Spotlight Conversation: OG badass feminist activist Virg Parks (Part 2 of 2)
As Texas goes deeper red, and abortion remains the hot-button issue of American electoral politics, Parks is rediscovering the activist fire that sparked in ACT UP and keeps her going. (Part Two)
Virg Parks, lifelong Dem, and keeper of the freedom flame, volunteering at the November 2022 election polls in Houston. Photo: Virg Parks personal archive.
PART 2 (For Part 1, see the main page of the ‘Tell Me Everything’ Substack.)
Virg moved into AIDS activism when she and her girlfriend were still together in Austin. She started volunteering at an AIDS service organization there, then working on an AIDS information hotline and doing some public speaking. That’s when I got interested in the relationship to health, she explains. If you can talk about vaginal secretions and penises, you can talk about anything. She found she was good at it; her childhood debate skills quickly surfaced. She also began volunteering to offer care to those in late-stage AIDS.
Her gay best friend JP – John Pullen – had moved to New York City and was sick with AIDS; he eventually died in 1986. I couldn’t do anything to help him, she recalls, still sad at the memory. He was so beautiful in every way…tall, blonde, and from Georgia…he had that lovely accent, she tells me. He was at St. Vincent’s (hospital) in New York and by the time I went to see him, he was already in a coma. So, AIDS became my passion. That was part of the breakup, too, she adds, because her girlfriend wasn’t as engaged. One time she asked me, ‘why do you have to do so much?’ Virg says. ‘Because people like you aren’t doing anything,’ she replied. She was furious, and grieving.

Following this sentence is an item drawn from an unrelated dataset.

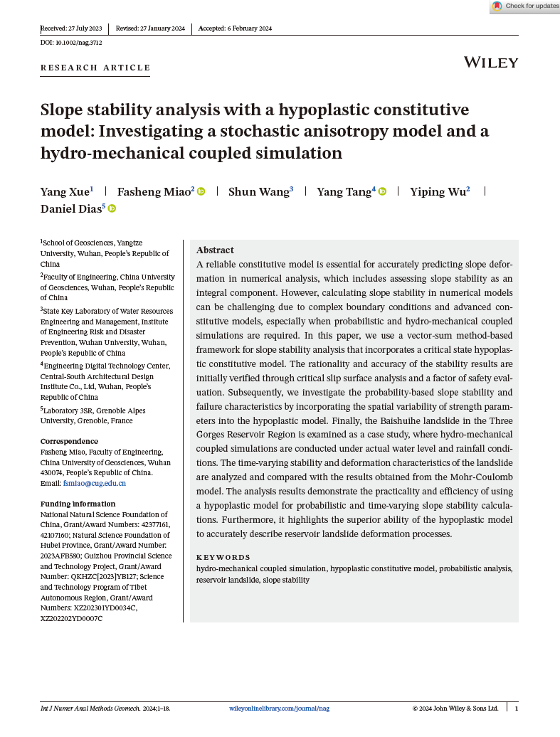 地科学院地质系教师薛阳博士以第一作者身份在计算机岩土领域老牌期刊《International Journal for Numerical and Analytical Methods in Geomechanics》上发表题为“Slope stability analysis with a hypoplastic constitutive model: investigating a stochastic anisotropy model and a hydro-mechanical coupled simulation”的论文。本项研究得到了国家自然科学基金项目和西藏自治区科技项目的资助。

She was among the early members of ACT UP Austin when a representative of the New York chapter visited the group to share information about what other chapters were up to. A woman Virg cared for gave her a flyer about a new group that was forming. She says, ‘you’re the only person I know who is angrier about this fucking disease than I am…it sounds like something you need to be part of….’
Good trouble: Virg with ACT UP mentor and pal Brenda Lein with a symbolic big bomb at a time when HIV activists were pushing for a Manhattan Project on AIDS. Photo: Virg Parks personal archive.
In the summer of 1991, another friend was driving to California on vacation, so they drove out together. Virg reconnected with her lesbian ex, who’d moved to San Francisco and had a motorcycle. She met me at the front door with a leather jacket and a helmet and said, ‘I think this might fit you. Come on, we’re late.’ They headed straight for an ACT UP– Golden Gate (GG) meeting, where Virg promptly fell in love – this time with a group. ACT UP GG, she tells me, felt like a new home.
The room was full of heady talk about meetings with pharma reps and actions. I was already excited, Virg tells me, reliving the moment, thinking, ‘these people are awesome!’ Someone was reporting back about the International AIDS Conference. ‘Oh my God!’ she thought, thrilled by the intelligence and scientific information being shared. By the time she returned to Texas, she’d made the decision to move. She packed up all her worldly belongings in a van and headed back to San Francisco.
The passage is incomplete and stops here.